Un conflicto de intereses

Por Diana Fernández Irusta

Ese día creyó que su padre se moría de un síncope. Y que la responsable era ella.

Estaban en la oficina de un banco. Después de años (¿toda una vida?) de mantenerla rigurosamente excluida de esos menesteres, él había tomado una decisión magnánima: incluirla en una cuenta que hacía rato existía, y cuyos titulares eran todos los integrantes de la familia… menos Marcia, la hija mujer.

Por aquel tiempo, ella se analizaba con una terapeuta de modos más bien rudos. Que, a su manera más bien brutal, había cortado de cuajo cualquier asomo de pataleo (de Marcia) en relación a este temita, el dinero (siempre de otros). “Si en tu familia no te tienen confianza en estas cuestiones, será que no les das señales para que lo hagan”, era la frase que, con insistencia de veredicto, le llegaba desde las alturas del sillón de la analista.

Esto ocurrió bastante tiempo antes del fatídico día en que creyó terminar con la vida del padre. Ocurrió bastante antes, y hay que decir que la analista de los  gestos duros algo de razón tenía. O bastante.

Por eso, Marcia decidió hacerse cargo de su constante, regular y agotadora inutilidad en todo lo referente a la vil moneda.

Asumió que poco podía quejarse de que se la considerara algo así como una desquiciada en finanzas cuando, por cierto, nunca era capaz de enunciar con claridad la cifra de su sueldo, jamás tenía en claro lo que le había salido cada cosa, las páginas de Economía del diario eran un misterio imposible de abordar y –síntoma de los síntomas– por aquellos tiempos en que integraba las huestes de los sufridos autónomos, se especializaba en realizar trabajos que a veces olvidaba facturar.

“Pero, a tu modo, subsistís –susurraba una vocecita chiquitita por ahí, dentro de ella-. No tenés deudas, siempre llegás a fin de mes, nunca dejaste de trabajar”. “Aceptá –se imponía otra voz, severa y cargada de su parte de verdad-. El riesgo de perder dinero o bienes está siempre latente. Como si hubieras hecho votos de pobreza, como si quisieras que de estos temas se ocupen siempre otros.” La constatación, inapelable: “Vivís en una nube de contornos imprecisos; nunca sabés exactamente lo que tenés.”

Aliada de las voces más duras, su terapeuta la instaba a tocar, de una vez, la ríspida textura de lo real. Y a eso se abocó Marcia, decidida a cambiar su lugar en el mundo.

Trabajó el tema; ay, cómo lo trabajó. Papel y lápiz. Cuadernito. Conteo de billetes. Comenzó  a anotar, puntillosa, esforzadamente, los detalles de su magra economía personal.
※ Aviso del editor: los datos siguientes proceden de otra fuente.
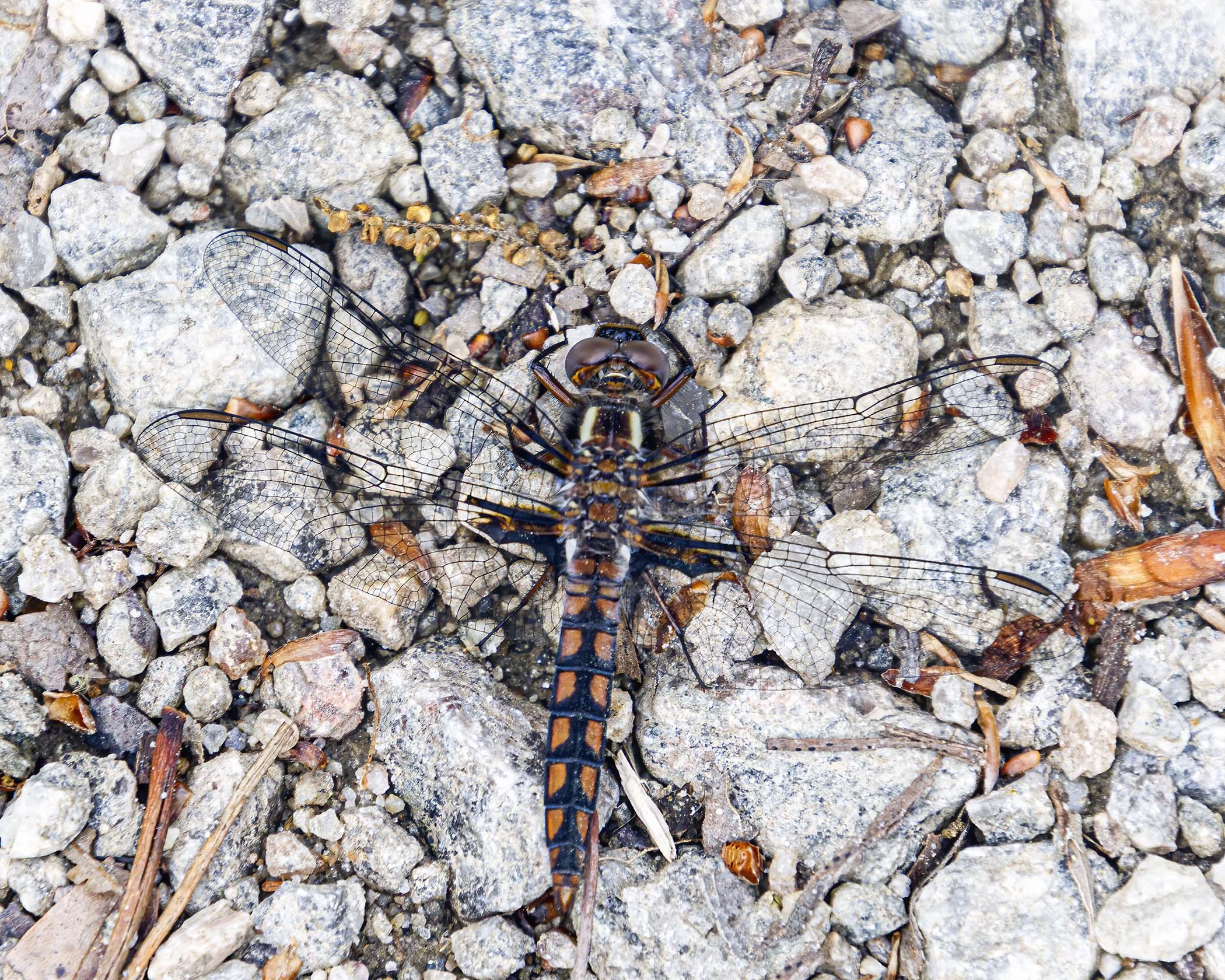 My first reaction was to stop and then to slowly bring my camera up to my eye to capture a shot before the dragonfly flew away. I was still a good distance away from the dragonfly but thanks to my telephoto lens I could see that it was a Stream Cruiser dragonfly (Didymops transversa). The final photo shows my initial view of the dragonfly. It is a little hard to tell, but the fallen branch was not very far off of the ground.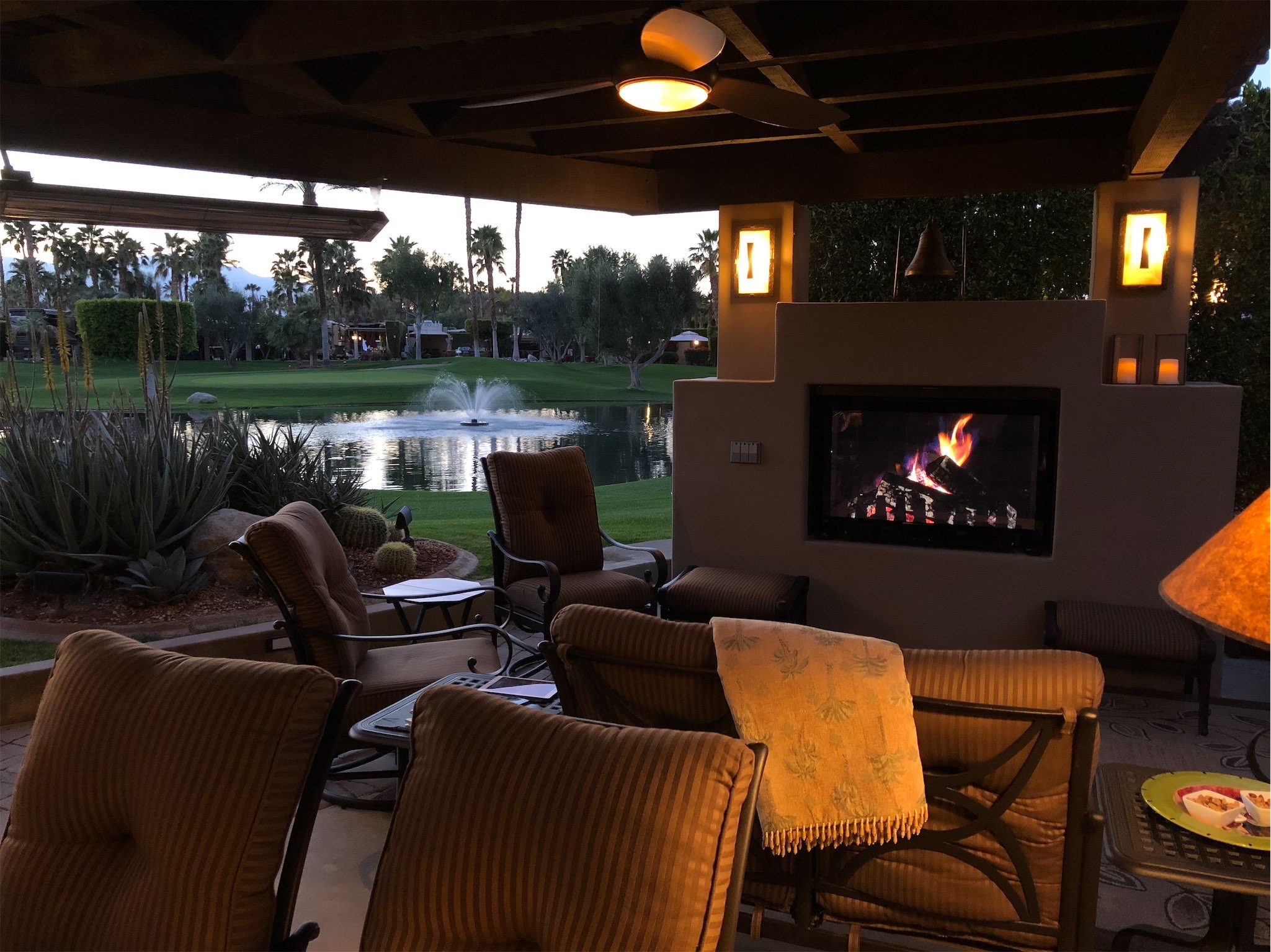 Many owners build enclosed pergolas with electric heaters when the nights get a bit cool. Our friends Dennis and Kathy even had a digital fire video playing one evening.

Puntillosa, esforzadamente intentó despejar la neblina que se obstinaba en enturbiar todo lo que tuviera sabor a cifra.

Forzó las puertas. Quería que en su universo ingresara la palabra maldita: “interés”.

Mérito, también, de aquella terapia. En el marasmo del relato de Marcia, la psicóloga había rescatado una escena recurrente. El papá, cariñoso y aleccionador, instruyendo a la niñita: “En la vida no hay que ser interesada”. La lluvia fina de aquellas palabras, calando hasta los huesos de la adultez. La lluvia fina y corrosiva de una engañosa enseñanza moral; la voz del género incrustándose en la invisible urdimbre de lo íntimo. Las chicas buenas no son interesadas, no se interesan, no actúan por interés. Quizás tampoco sean interesantes.

Y entonces, la profecía autocumplida: si las nenas buenas no son interesadas, a las mujeres buenas mejor mantenerlas lejos del vil metal. Porque no sabrán cuidarlo, no serán confiables, lo perderán todo. Cometerán el peor de los pecados: nada del bienestar económico duramente conseguido por el esfuerzo de sus seres queridos les interesará.

En ese punto estaba Marcia los días previos al gesto magnánimo por el cual su padre, por primera vez en años, la incluiría como titular en  una cuenta familiar.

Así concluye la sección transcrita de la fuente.